==== Records supplied ====
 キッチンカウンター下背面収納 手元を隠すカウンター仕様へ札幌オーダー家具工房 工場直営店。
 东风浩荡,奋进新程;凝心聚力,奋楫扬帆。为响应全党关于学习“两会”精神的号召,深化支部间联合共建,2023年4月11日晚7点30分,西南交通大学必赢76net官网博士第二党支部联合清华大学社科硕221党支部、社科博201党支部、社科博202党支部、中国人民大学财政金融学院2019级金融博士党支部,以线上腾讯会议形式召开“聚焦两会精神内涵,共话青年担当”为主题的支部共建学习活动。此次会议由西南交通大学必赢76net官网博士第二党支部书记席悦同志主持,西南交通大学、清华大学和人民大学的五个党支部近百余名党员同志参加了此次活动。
====
==== Records supplied ====
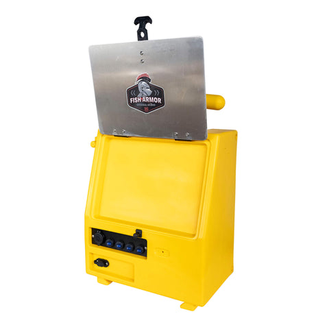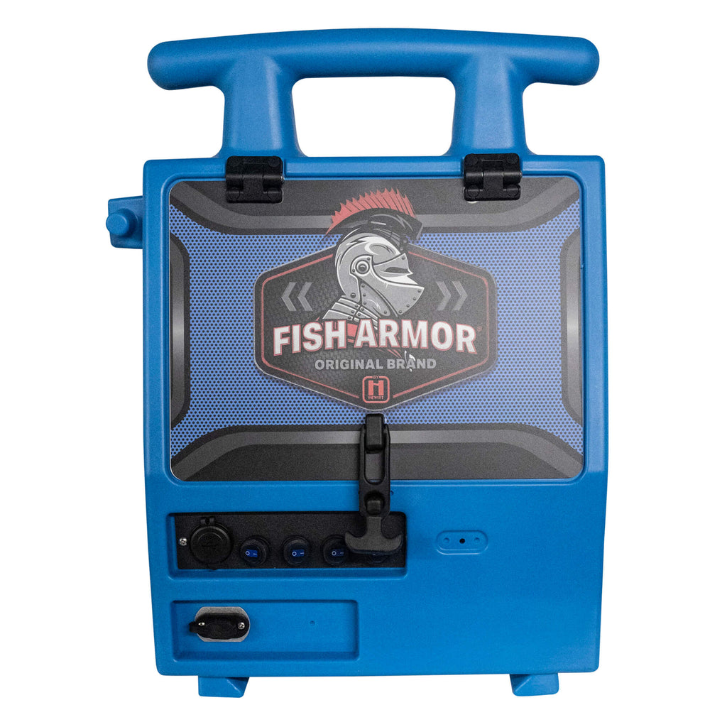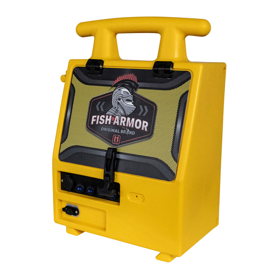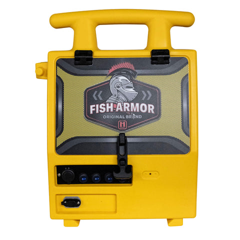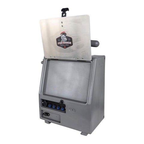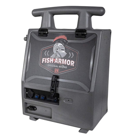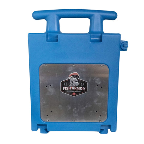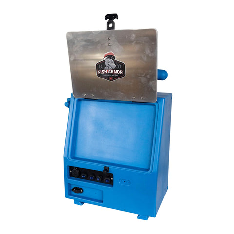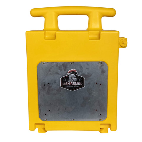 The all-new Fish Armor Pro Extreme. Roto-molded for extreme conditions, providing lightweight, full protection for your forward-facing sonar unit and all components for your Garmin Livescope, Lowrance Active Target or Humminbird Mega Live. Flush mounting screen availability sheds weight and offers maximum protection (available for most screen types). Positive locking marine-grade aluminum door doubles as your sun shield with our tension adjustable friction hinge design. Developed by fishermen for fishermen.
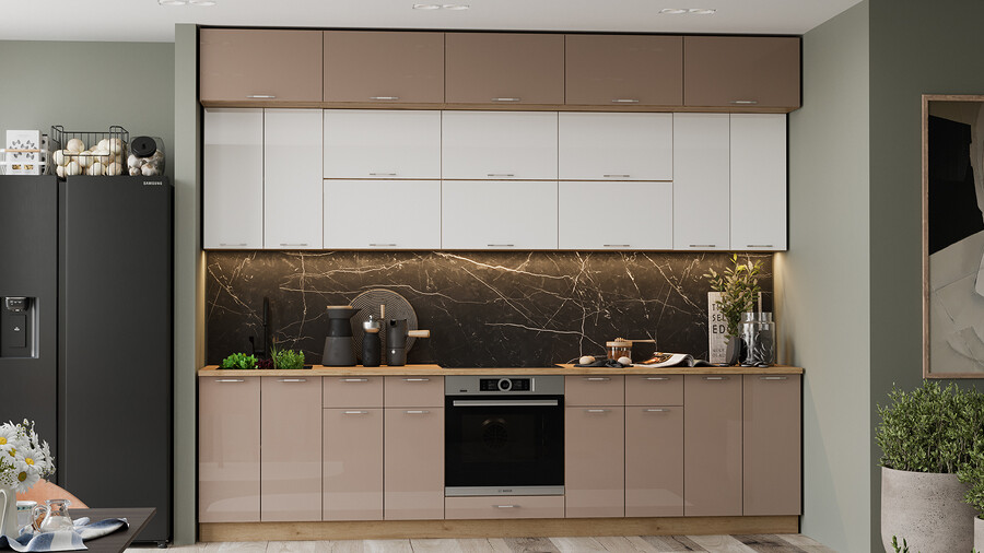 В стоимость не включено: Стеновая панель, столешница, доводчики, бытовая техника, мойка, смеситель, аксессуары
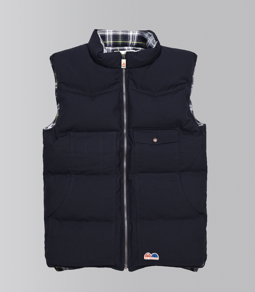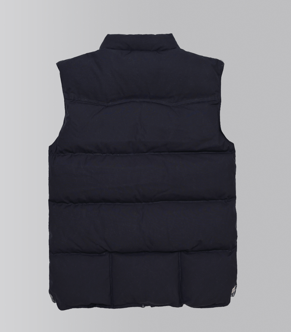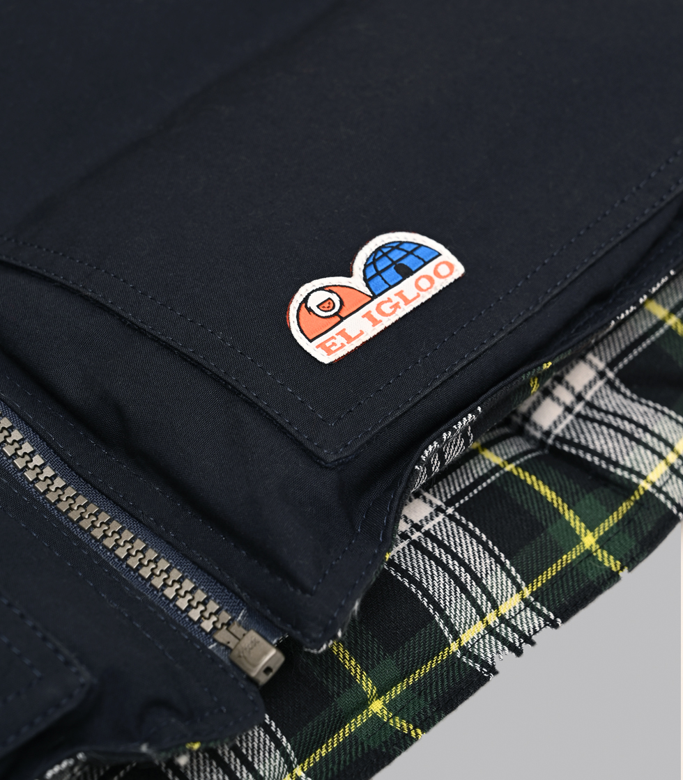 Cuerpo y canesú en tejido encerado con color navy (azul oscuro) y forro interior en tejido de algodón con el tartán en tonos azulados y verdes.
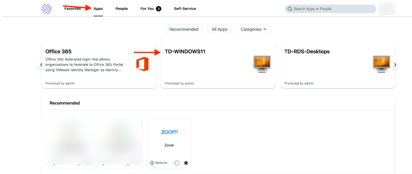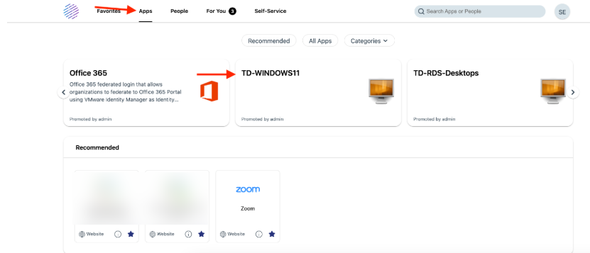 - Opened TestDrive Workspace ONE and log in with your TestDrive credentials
====
==== Records supplied ====
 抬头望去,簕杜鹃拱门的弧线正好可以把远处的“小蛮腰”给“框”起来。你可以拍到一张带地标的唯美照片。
====
Exercise brief: Start with the line with "The all-new Fish" in the listing above and stop after the line with "- Opened TestDrive". Write out exactly the lines in that stretch and no others, without pictures.

Worked solution:
 The all-new Fish Armor Pro Extreme. Roto-molded for extreme conditions, providing lightweight, full protection for your forward-facing sonar unit and all components for your Garmin Livescope, Lowrance Active Target or Humminbird Mega Live. Flush mounting screen availability sheds weight and offers maximum protection (available for most screen types). Positive locking marine-grade aluminum door doubles as your sun shield with our tension adjustable friction hinge design. Developed by fishermen for fishermen.
 В стоимость не включено: Стеновая панель, столешница, доводчики, бытовая техника, мойка, смеситель, аксессуары
 Cuerpo y canesú en tejido encerado con color navy (azul oscuro) y forro interior en tejido de algodón con el tartán en tonos azulados y verdes.
 - Opened TestDrive Workspace ONE and log in with your TestDrive credentials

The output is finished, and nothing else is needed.